1736 January 25 (Sunday). In the Morning Dr. Gott came up to see my Wife. She was considerably easier, cooler and better. I could not go to Meeting, a.m. I sent Dr. Colmans Parable of the Ten Virgins,[1] and directed to the Sermon on v. 6, which was read. P.M. I was more composed and I went to worship. Repeated a Sermon on Job 22.21.[2] My wife in a more hopefull way. Mr. Jonathan Forbush’s wife[3] staid with us. The Doctor does not know but that the Fever is at the height. We undertake to wean the Child.[4]
[1]Benjamin Colman, Practical Discourses upon the Parable of the Ten Virgins (London, 1707). Colman (1673-1747), Harvard 1691, was minister of Boston’s Brattle Square Church, 1699-1747. SHG 4:120-37.
[2]Job 22.21, “Acquaint now thyself with him, and be at peace: thereby good shall come unto thee.”
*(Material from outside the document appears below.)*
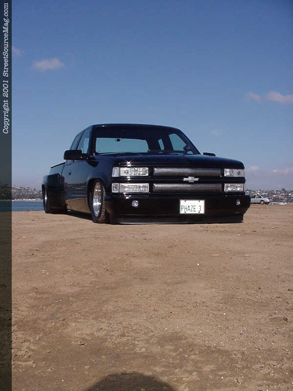 Now finding the Silverado laying flat, it was time to change up the look of the body. Starting with the front, Soupy replaced the grille with a '95 grille fixed with an A&Z mesh insert. The stock headlights were ditched and replaced with APC projector lamps and a CATZ zeta system. Working his way to the rear would take some skilled work, which was left up to Larry "Bones" Llmas of Goleta, California. To start off his work at hand, Larry began by bolting up a custom front bumper from Sir Michaels. Next, Larry filled all the seams behind the cab.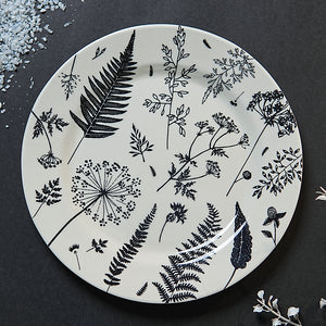 Bring the serene beauty of a moonlit garden to your dining experience with the Midnight Fern Rice Plate. Featuring a generous 11-inch diameter, this plate showcases intricate, ink-black botanical illustrations against a pristine white surface, making it a sophisticated centerpiece for any meal.

[3]Jonathan Firbush m. Hannah Holloway, ____, ___ [1705 or 1706]; she d. Nov. 17, 1756 (MVR, 252; Parkman diary, Nov. 18, 1756). She served as a midwife (with Parkman first referring to her as “Granny,” Dec. 17, 1738).
[4]See Ross W. Beales, Jr., “Nursing and Weaning in an Eighteenth-Century New England Household,” in Peter Benes, ed., Families and Children (The Dublin Seminar for New England Folklife, Annual Proceedings, 1985; Boston: Boston University, 1987), 48-63.